→ **PROVIDED MATERIAL**

Content starts

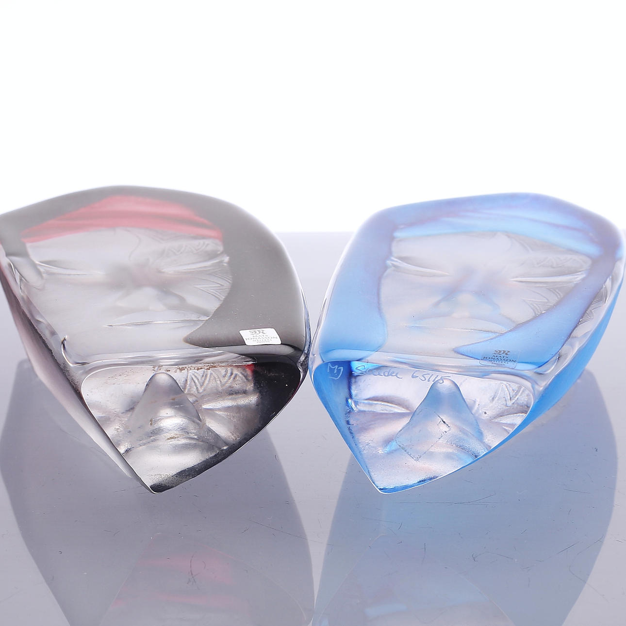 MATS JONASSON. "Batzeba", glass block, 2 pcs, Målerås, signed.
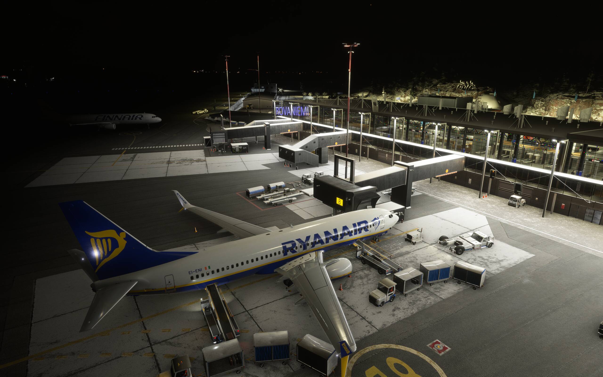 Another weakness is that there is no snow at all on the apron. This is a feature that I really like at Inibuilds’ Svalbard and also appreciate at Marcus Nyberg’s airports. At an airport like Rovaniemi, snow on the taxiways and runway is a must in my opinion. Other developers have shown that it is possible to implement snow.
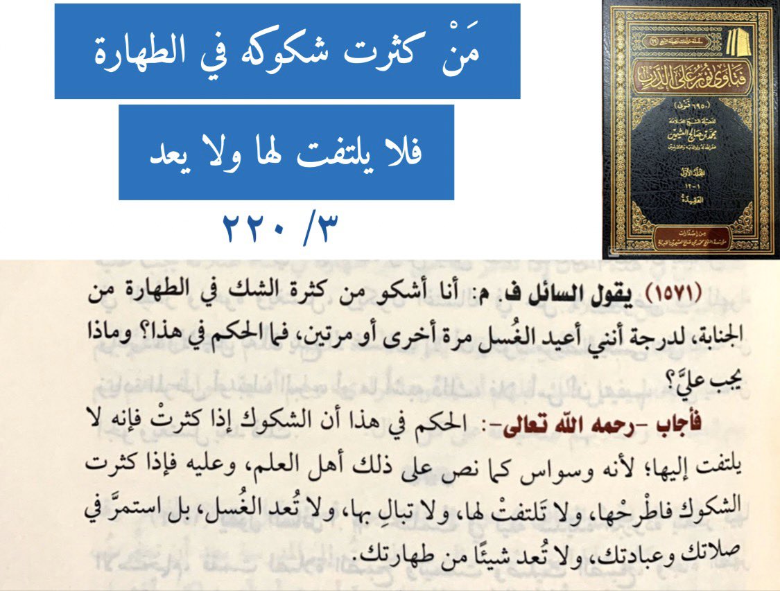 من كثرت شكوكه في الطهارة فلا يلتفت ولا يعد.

Content ends

→ **DESCRIPTION OF THE TASK**
Your output should be only the lines from the line with "Another weakness is" through the end of the data, exactly as they stand, and no pictures.

→ **WORKED SOLUTION**
 Another weakness is that there is no snow at all on the apron. This is a feature that I really like at Inibuilds’ Svalbard and also appreciate at Marcus Nyberg’s airports. At an airport like Rovaniemi, snow on the taxiways and runway is a must in my opinion. Other developers have shown that it is possible to implement snow.
 من كثرت شكوكه في الطهارة فلا يلتفت ولا يعد.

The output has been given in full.